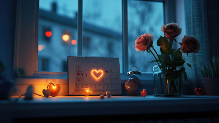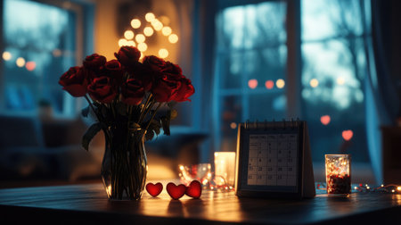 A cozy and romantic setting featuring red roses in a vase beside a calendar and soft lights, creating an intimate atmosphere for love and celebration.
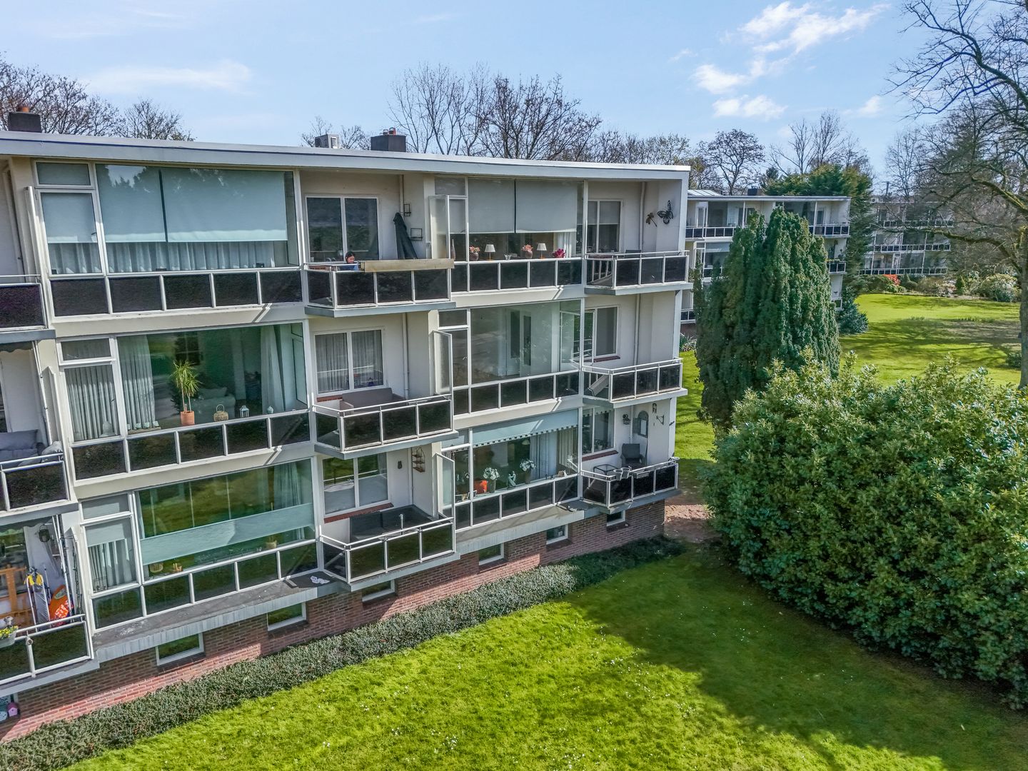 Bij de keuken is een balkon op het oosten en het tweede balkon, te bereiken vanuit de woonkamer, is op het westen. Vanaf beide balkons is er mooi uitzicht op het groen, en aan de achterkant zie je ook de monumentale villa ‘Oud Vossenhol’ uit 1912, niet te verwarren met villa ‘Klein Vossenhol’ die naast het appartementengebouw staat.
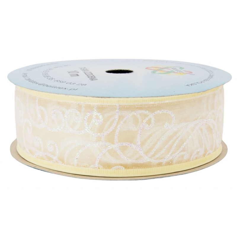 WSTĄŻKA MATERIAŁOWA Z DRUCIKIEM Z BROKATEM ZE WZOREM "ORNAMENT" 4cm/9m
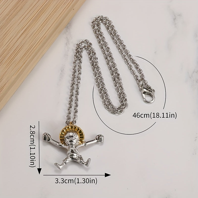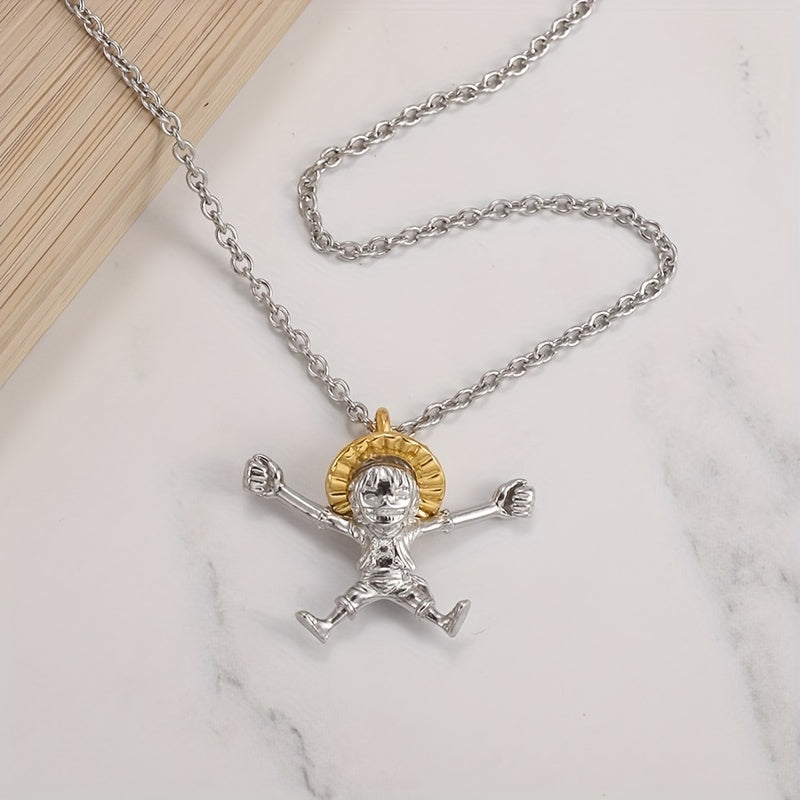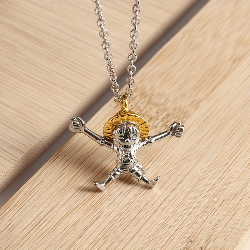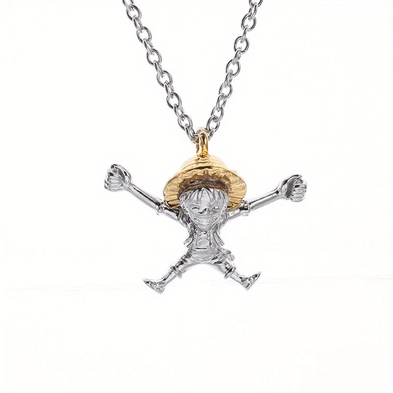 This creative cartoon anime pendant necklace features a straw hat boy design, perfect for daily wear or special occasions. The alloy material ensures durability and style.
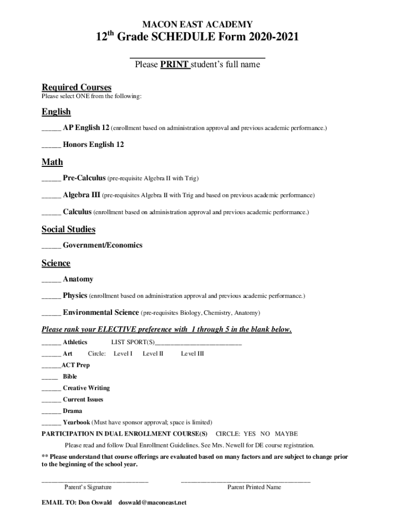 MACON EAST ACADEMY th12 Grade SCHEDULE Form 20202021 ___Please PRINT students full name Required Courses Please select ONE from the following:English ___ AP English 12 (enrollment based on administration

## PROMPT
Write out again only the lines from the line that contains "This creative cartoon" through the last line of the records, both ends included, without any of the pictures.

## SOLVED PROBLEM
 This creative cartoon anime pendant necklace features a straw hat boy design, perfect for daily wear or special occasions. The alloy material ensures durability and style.
 MACON EAST ACADEMY th12 Grade SCHEDULE Form 20202021 ___Please PRINT students full name Required Courses Please select ONE from the following:English ___ AP English 12 (enrollment based on administration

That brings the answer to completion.